• Exercise data:
---
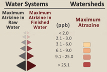 The spread of Atrazine in streams and waters that has been mapped on the basis of its agricultural use–if hypothetical and based on modeling–indicates the range of its potential spread into the regional groundwater of much of America.
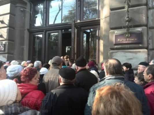 Около 50-ти человек утром в понедельник, 3 ноября, заблокировали вход в банк «Порто-Франко» на перекрёстке улиц Пушкинской и Греческой и требовали вернуть им вклады.
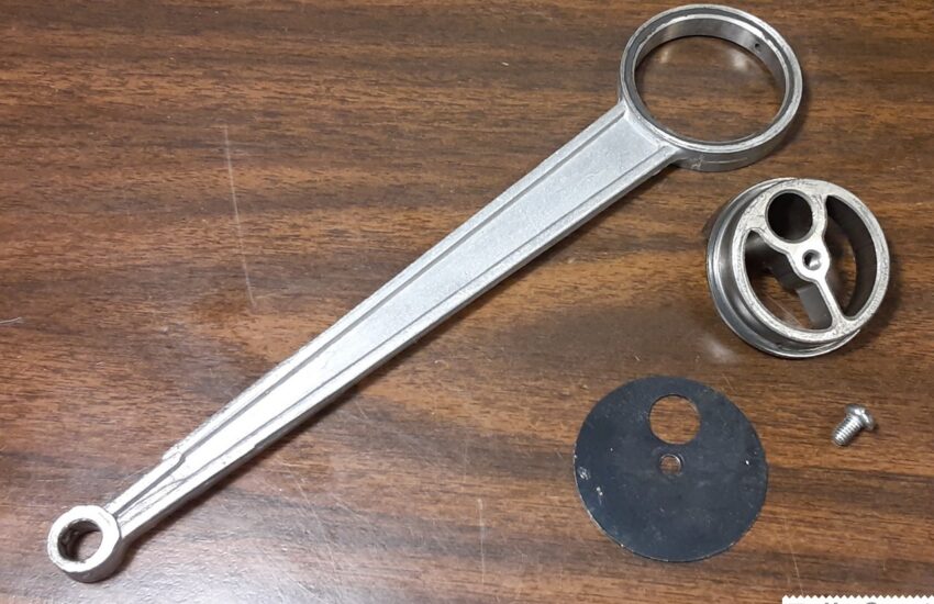 You can buy 3/8 inch self adhesive cabinet bumpers at the hardware store. Simply stick one to the front plate thumb screw to help protect your bed extension on your Singer 221 Featherweight. If you don’t happen to have 16 Featherweights, you can share the extra bumpers with your friends.
---
• Exercise goal: Retype the listing exactly. Skip every picture.

• Answer space:
 The spread of Atrazine in streams and waters that has been mapped on the basis of its agricultural use–if hypothetical and based on modeling–indicates the range of its potential spread into the regional groundwater of much of America.
 Около 50-ти человек утром в понедельник, 3 ноября, заблокировали вход в банк «Порто-Франко» на перекрёстке улиц Пушкинской и Греческой и требовали вернуть им вклады.
 You can buy 3/8 inch self adhesive cabinet bumpers at the hardware store. Simply stick one to the front plate thumb screw to help protect your bed extension on your Singer 221 Featherweight. If you don’t happen to have 16 Featherweights, you can share the extra bumpers with your friends.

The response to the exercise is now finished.